■ **PROBLEM**: In the entries that follow, find the line containing "准备姿势:坐位,左腿屈膝,右" and the line containing "61,76 €* (47.81%", then retype exactly the lines from the first through the second, pictures excluded.

■ **RECORDED INFORMATION**:
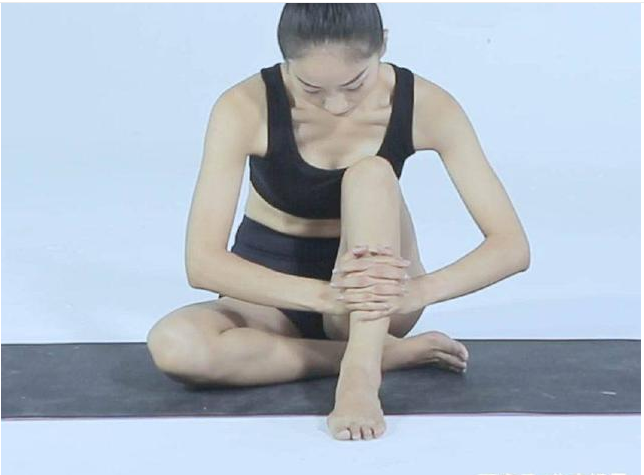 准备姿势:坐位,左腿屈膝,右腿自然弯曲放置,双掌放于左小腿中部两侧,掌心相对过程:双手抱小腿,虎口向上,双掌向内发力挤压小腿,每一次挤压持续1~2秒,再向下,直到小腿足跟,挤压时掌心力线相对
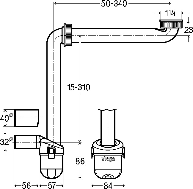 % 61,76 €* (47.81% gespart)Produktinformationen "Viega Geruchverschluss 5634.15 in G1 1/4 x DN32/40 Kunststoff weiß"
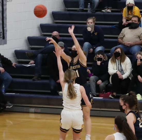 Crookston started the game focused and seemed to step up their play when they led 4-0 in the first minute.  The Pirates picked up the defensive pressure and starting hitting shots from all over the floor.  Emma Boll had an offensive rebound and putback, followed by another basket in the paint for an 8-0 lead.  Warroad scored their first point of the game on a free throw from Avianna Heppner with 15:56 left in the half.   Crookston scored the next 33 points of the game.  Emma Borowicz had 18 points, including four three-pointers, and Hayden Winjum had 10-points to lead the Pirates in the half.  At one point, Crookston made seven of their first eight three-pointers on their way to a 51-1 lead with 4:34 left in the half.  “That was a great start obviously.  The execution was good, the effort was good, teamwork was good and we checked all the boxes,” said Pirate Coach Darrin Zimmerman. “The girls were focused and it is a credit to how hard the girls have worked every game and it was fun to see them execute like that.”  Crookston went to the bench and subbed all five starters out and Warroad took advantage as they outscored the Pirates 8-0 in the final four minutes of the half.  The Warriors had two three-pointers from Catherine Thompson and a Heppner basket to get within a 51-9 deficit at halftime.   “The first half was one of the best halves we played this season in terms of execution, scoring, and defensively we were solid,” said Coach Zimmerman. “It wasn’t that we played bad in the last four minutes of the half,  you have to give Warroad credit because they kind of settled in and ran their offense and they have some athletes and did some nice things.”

...

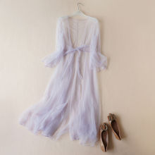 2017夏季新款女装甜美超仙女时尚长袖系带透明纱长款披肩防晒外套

■ **RESULT FOR THIS EXERCISE**:
 准备姿势:坐位,左腿屈膝,右腿自然弯曲放置,双掌放于左小腿中部两侧,掌心相对过程:双手抱小腿,虎口向上,双掌向内发力挤压小腿,每一次挤压持续1~2秒,再向下,直到小腿足跟,挤压时掌心力线相对
 % 61,76 €* (47.81% gespart)Produktinformationen "Viega Geruchverschluss 5634.15 in G1 1/4 x DN32/40 Kunststoff weiß"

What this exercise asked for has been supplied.